November 7, 2008 at 3:30 pm
By Collin Hazlett

At Culinary House this past weekend, two teams of chefs assembled on Saturday evening to do battle. They came ready with cooking equipment to use and recipes to modify. They were given an hour and a half and access to Culinary House's food and seasoning supplies, and told to make an appetizer, a meat dish, and a dessert.

This was the beginning of the Iron Chef competition, based on the TV show of the same name.  Carleton's chapter of Slow Food International organized it to promote the way they believe food should be made: in people's homes, prepared by friends, preferably with locally-grown, organic, and sustainable ingredients, and without the rushed impersonality of fast food.

Ironically, during the Iron Chef competition, the food was prepared as quickly as possible by teams of opponents. The atmosphere of home cooking was still present, though – shelves of cookbooks and spices adorned the walls of the upstairs and downstairs kitchens where the rival teams worked.

Every dish made for the competition had to include a "secret ingredient," which, as far as I can tell from my limited culinary experience, is usually an ingredient which the chef knows about but does not reveal to the diners.  But in the world of Iron Chef, it's an ingredient kept secret from the chefs themselves until the competition begins, at which point they have to incorporate it into everything they make.

Some of the participants speculated that it would have been easy to make apples the secret ingredient, since Culinary House still has many, many bags of unused apples left over from the extremely bountiful apple-picking runs at Fireside Orchard earlier this fall.

Team 2 had a hunch that it would be beets – they even had a plan to create caramel-apple-style dipped beets on a stick for dessert.

However, the expectations of all were confounded.

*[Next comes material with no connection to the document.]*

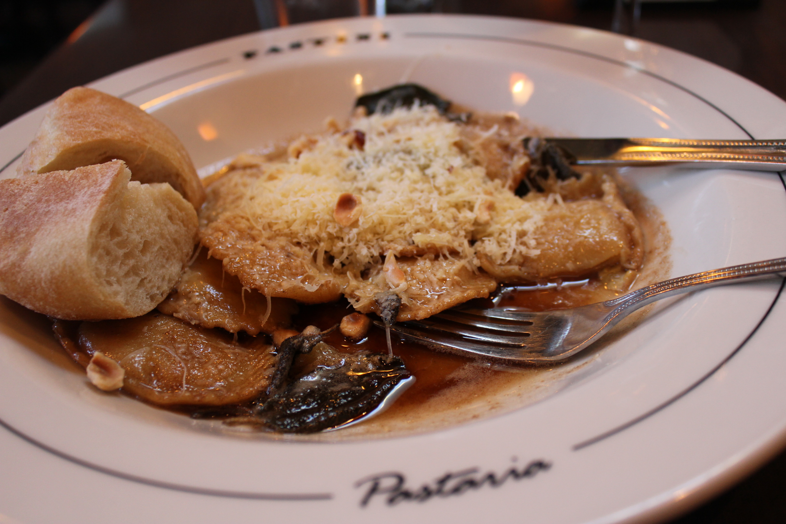 I arrived the day before the conference and decided to eat dinner close to my hotel since I was tired after traveling from coast to coast. I wound up at Pastini Pastaria (1426 NE Broadway, Portland, Ore., 97232.) I had the butternut squash-gorgonzola ravioli, which was recommended by my excellent server Mariana. It came with sage brown butter sauce and toasted hazelnuts ($11.95) and was the comfort food I needed after a long day on planes. The pasta was tender, hazelnuts plentiful and the cheese was fresh and lots of it. Perfect meal to end the day.

The secret ingredient was sweet potatoes.

Though both teams started with sweet potatoes, the teams' plans diverged immediately from there:  Team 1 made Sweet Potato-Squash Soup, and Team 2 made small orange Sweet Potato Puffs. A minor debate sparked up within Team 2 over whether the puffs should have sprigs of parsley sticking out of them like trees, and was eventually resolved by saving that idea for Team 2's meat dish, the Sweet Potato Curry. Team 1 cooked a Sweet Potato Savory Tart with Cheese for their meat dish.

As it happened, both meat dishes were vegetarian, which is not actually a violation of the rules.

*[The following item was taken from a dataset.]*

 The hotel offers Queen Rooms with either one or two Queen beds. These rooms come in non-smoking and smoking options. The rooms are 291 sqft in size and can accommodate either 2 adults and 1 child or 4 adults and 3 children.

For dessert, Team 1 baked a Sweet-Potato-Carrot-Apple Cake, while Team 2 did a Sweet-Potato-Apple Pie. I got to eat both desserts, and I am happy to report that they were both quite excellent.

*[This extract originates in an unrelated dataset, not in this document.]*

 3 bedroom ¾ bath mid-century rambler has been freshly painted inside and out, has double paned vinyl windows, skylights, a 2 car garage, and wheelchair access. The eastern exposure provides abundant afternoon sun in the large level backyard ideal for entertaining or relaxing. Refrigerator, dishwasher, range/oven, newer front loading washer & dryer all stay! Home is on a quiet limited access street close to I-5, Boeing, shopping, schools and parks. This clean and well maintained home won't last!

The judges (students living in Culinary House) were harsher than I was in their critiques of everything – they said the pie was too juicy, and tried their best to act unamused by the parsley trees, as true professional connoisseurs must do. In the final point tally, Team 1 carried the day, which I'm sure must have been made possible by the fact that they cut their carrot slices into star shapes.

At the end of the day, though, as I'm sure Slow Food must have planned, the thrill of victory and the agony of defeat were squashed by the presence of food, as both teams, the judges, the Slow Food organizers, and I sat down and ate everything. If all intense struggles had such delicious ends, we would live in a friendlier world.